The disease of glaucoma is manifested by a progressive, irreversible vision loss resulting from damage to the optic nerve which occurs from an increase in intraocular pressure (IOP) resulting from poor drainage of aqueous humor, the clear fluid that fills the front of the eye, he says. A structure known as Schlemm’s canal is an important gatekeeper in the drainage process.
“Current glaucoma therapy is based on reducing elevated IOP,” Kizhatil says. “But no current drug is able to reduce IOP very effectively, indicating the pressing need for improved therapies.”
Unfortunately, drug development has been hampered by a limited understanding of the molecular basis of IOP elevation, he adds.
For this reason, Kizhatil is focused on determining the molecular mechanisms functioning in the Schlemm’s canal inner wall that facilitate aqueous humor drainage and control IOP. Elevated IOP likely results when these molecular pathways do not function properly. Thus, the identification of these molecular pathways will allow identification of new targets for a more rational approach to development of effective IOP reducing drugs.
Kizhatil’s glaucoma research really began picking up speed when mice were introduced to the lab of JAX professor and Howard Hughes Medical Institute investigator Dr.
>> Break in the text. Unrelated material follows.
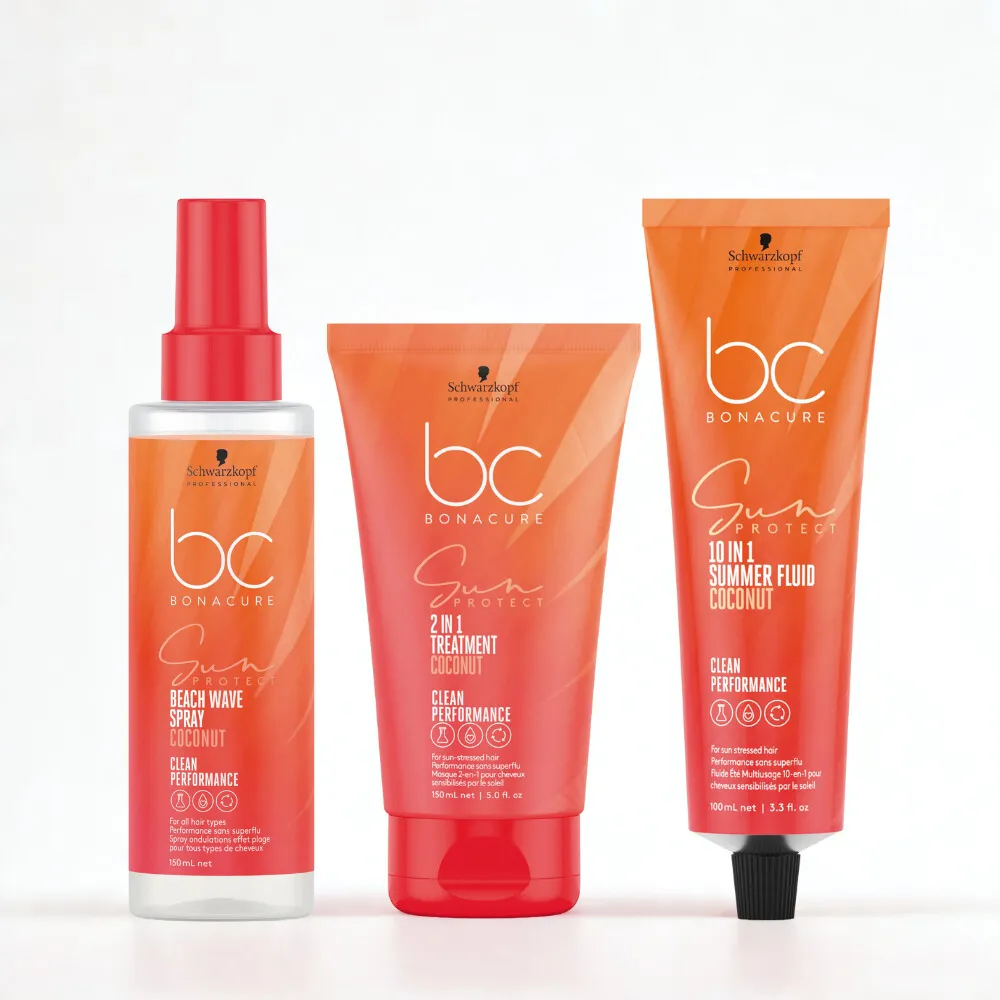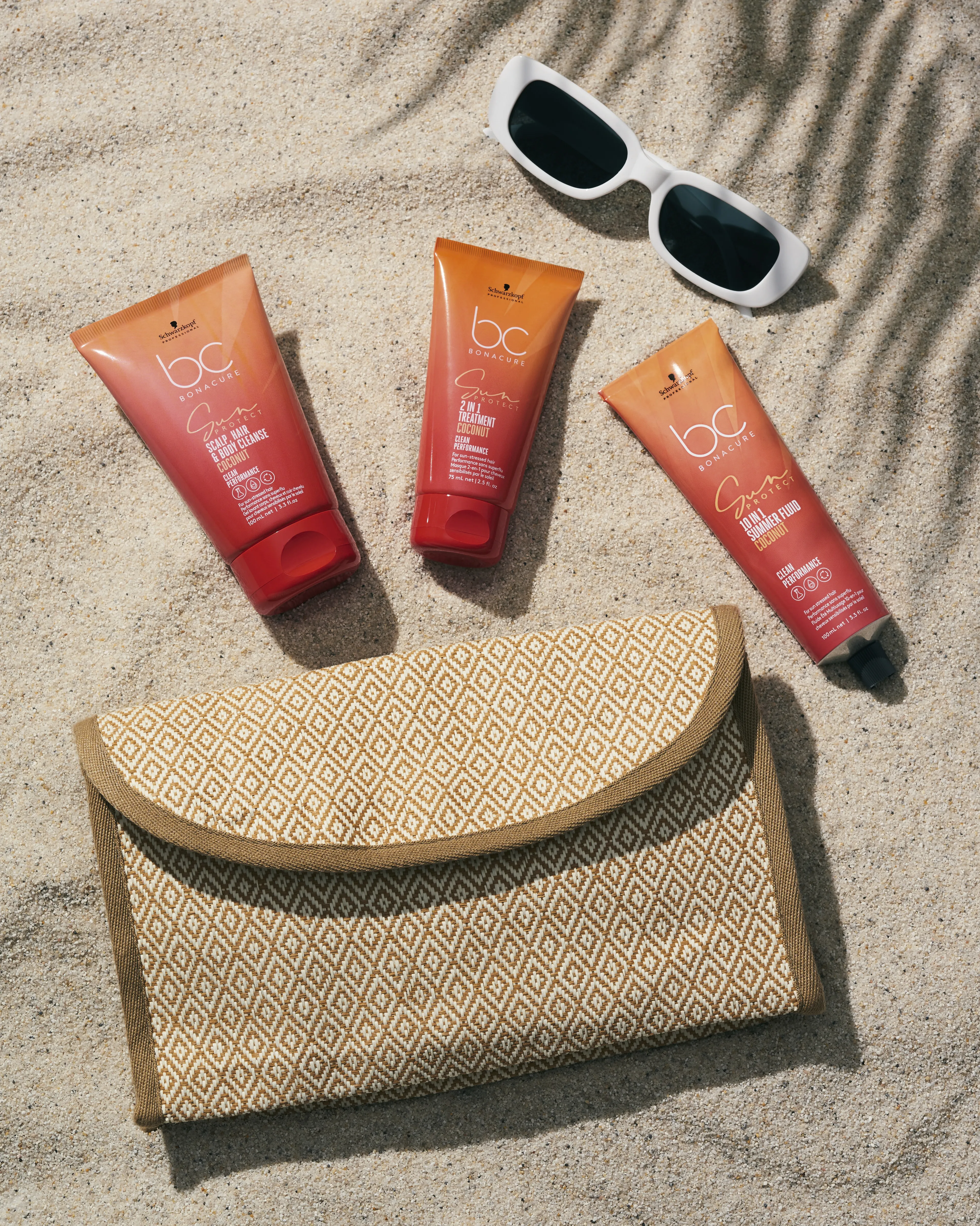- Protezione & Styling: durante l’esposizione al sole, applica più volte al giorno il Schwarzkopf BC 10-in-1 Fluid per proteggere lunghezze e punte. Concludi con lo Spray Beach Waves BC Sun Protect per un perfetto look estivo.

Simon W.M. John. The John lab was a pioneer in using mouse for glaucoma studies and among the first to show that mice have a Schlemm’s canal that is very similar to humans.
In 2014 Kizhatil was the first author of a paper from the John lab which, using mice, determined that the Schlemm’s canal was a unique vessel with features common to both blood and lymphatic vessels. Kizhatil has identified a gene that is a key regulator of lymphatic development and function is expressed in the inner wall of the Schlemm’s canal. This gene appears to control IOP.
Kizhatil will use the NIH grant to fund his exploration of this candidate gene, which he expects to yield critical new information on the mechanisms regulating IOP.